TASK BRIEF:
A stretch of the entries below is to be set down exactly, running from the line with "Gambar 1 Tidak adanya energi listrik di kutim" through the line with "القانونية البرلمانية تبحث", both included, and no other line.

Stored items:
== Segment start ==
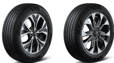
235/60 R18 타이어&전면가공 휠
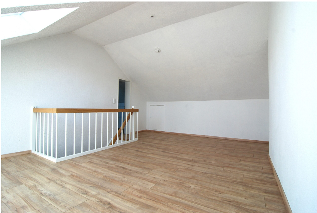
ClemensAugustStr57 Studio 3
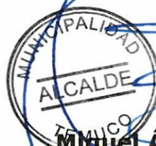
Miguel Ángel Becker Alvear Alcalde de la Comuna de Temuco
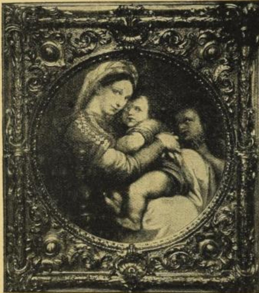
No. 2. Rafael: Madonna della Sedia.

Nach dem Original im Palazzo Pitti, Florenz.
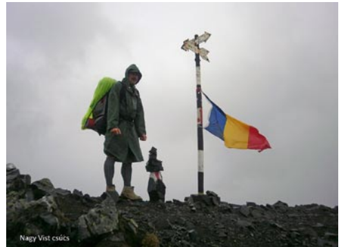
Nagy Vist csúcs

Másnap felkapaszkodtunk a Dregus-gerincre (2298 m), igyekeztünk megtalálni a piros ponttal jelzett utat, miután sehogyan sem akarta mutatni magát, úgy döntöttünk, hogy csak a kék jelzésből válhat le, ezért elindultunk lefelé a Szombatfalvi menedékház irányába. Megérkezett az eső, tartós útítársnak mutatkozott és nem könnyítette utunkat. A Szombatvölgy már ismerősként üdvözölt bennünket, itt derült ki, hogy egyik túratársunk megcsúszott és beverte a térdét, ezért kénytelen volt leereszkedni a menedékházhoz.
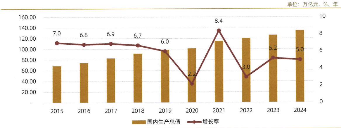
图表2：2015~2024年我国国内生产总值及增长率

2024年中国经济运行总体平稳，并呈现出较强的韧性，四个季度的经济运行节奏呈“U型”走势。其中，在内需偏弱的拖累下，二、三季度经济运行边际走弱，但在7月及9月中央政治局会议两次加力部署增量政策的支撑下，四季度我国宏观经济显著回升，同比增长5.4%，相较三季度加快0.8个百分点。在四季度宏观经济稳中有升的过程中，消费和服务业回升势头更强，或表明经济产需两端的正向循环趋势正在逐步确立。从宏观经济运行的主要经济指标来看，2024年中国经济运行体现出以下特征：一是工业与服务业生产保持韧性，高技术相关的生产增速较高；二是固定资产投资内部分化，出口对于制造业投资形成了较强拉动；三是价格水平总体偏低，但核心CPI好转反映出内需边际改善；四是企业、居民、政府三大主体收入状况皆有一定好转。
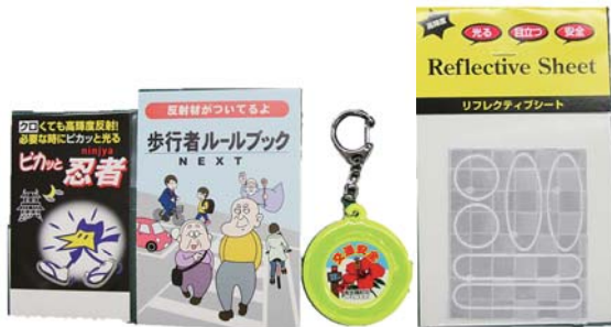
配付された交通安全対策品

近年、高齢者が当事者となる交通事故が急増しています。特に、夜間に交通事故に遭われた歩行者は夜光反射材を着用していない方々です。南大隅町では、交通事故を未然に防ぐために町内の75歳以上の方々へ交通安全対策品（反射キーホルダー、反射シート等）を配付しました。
== Segment end ==
== Segment start ==
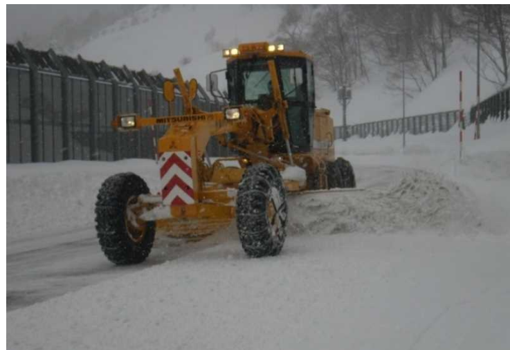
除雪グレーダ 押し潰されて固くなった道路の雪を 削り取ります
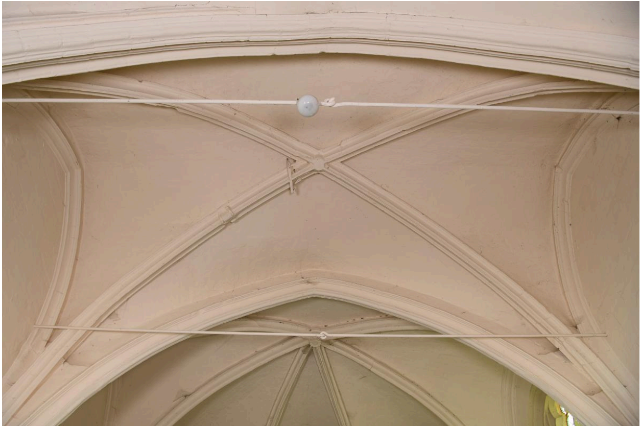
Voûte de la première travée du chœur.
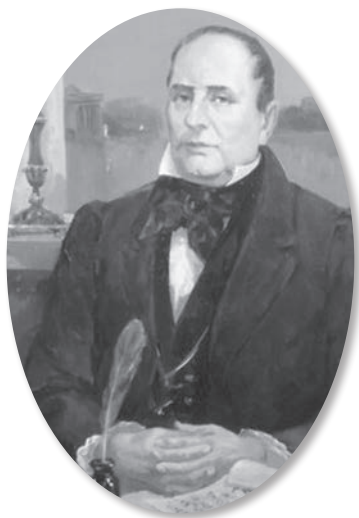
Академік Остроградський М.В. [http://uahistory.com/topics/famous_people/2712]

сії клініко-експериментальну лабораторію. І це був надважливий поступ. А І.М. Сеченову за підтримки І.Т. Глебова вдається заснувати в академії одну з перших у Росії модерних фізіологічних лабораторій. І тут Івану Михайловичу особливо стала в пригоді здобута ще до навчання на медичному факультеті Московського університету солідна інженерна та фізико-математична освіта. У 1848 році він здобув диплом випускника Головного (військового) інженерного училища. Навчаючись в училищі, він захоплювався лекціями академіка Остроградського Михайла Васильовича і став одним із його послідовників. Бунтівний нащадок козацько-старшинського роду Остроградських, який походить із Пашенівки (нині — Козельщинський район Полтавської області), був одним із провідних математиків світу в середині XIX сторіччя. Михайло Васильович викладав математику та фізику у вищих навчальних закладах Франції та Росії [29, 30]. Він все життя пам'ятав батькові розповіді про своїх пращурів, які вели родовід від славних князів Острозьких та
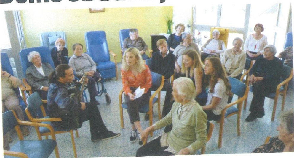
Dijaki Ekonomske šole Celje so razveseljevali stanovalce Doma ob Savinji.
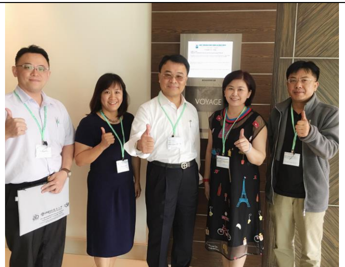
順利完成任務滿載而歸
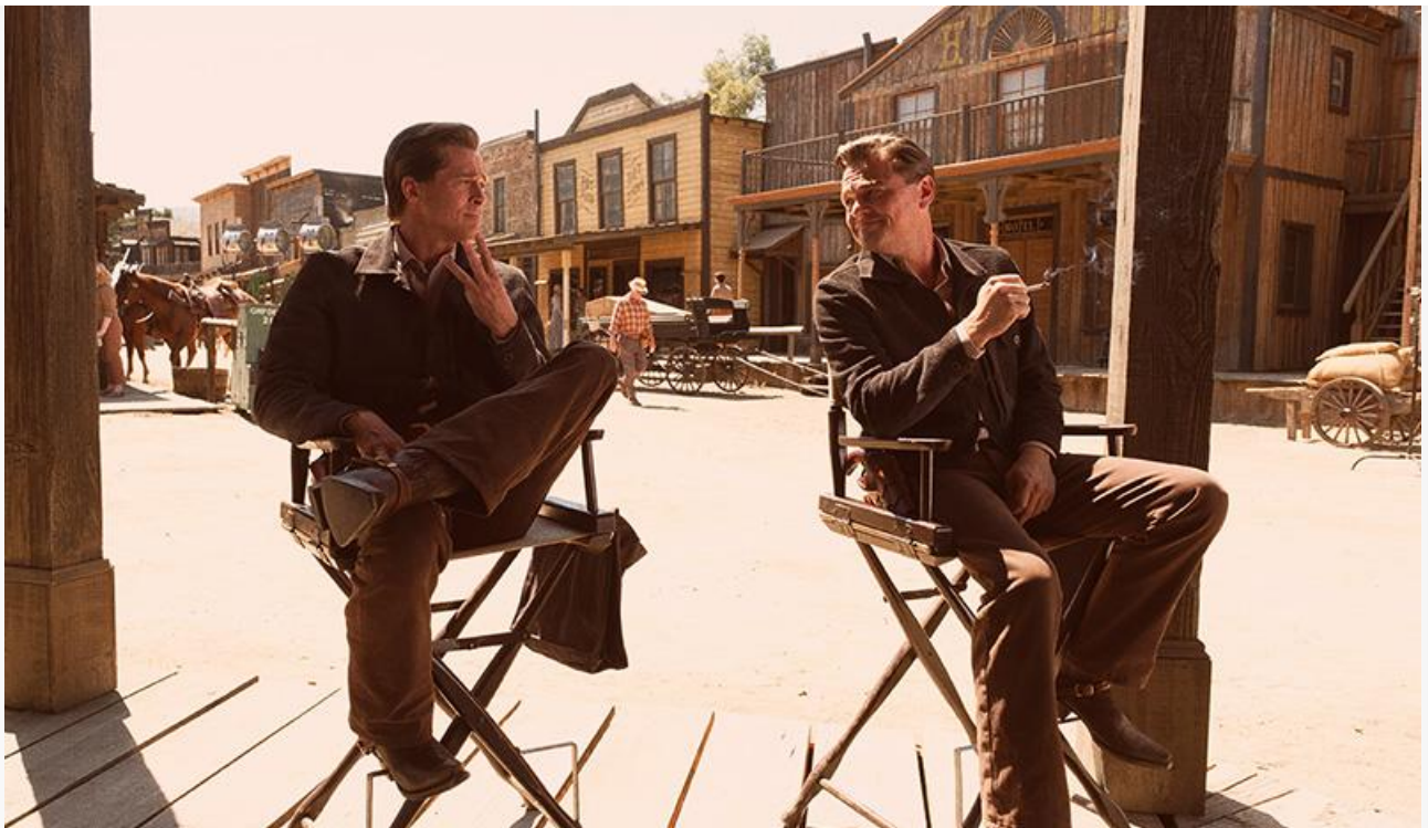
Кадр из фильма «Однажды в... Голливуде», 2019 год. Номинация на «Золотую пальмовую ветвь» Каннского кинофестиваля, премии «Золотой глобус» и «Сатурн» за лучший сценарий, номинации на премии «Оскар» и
== Segment end ==
== Segment start ==
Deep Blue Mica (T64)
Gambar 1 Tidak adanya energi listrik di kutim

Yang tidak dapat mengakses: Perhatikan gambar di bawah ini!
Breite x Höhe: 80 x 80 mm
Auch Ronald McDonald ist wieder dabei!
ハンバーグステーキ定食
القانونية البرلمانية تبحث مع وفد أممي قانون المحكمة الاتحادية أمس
== Segment end ==
RESPONSE TO THIS TASK:
Gambar 1 Tidak adanya energi listrik di kutim

Yang tidak dapat mengakses: Perhatikan gambar di bawah ini!
Breite x Höhe: 80 x 80 mm
Auch Ronald McDonald ist wieder dabei!
ハンバーグステーキ定食
القانونية البرلمانية تبحث مع وفد أممي قانون المحكمة الاتحادية أمس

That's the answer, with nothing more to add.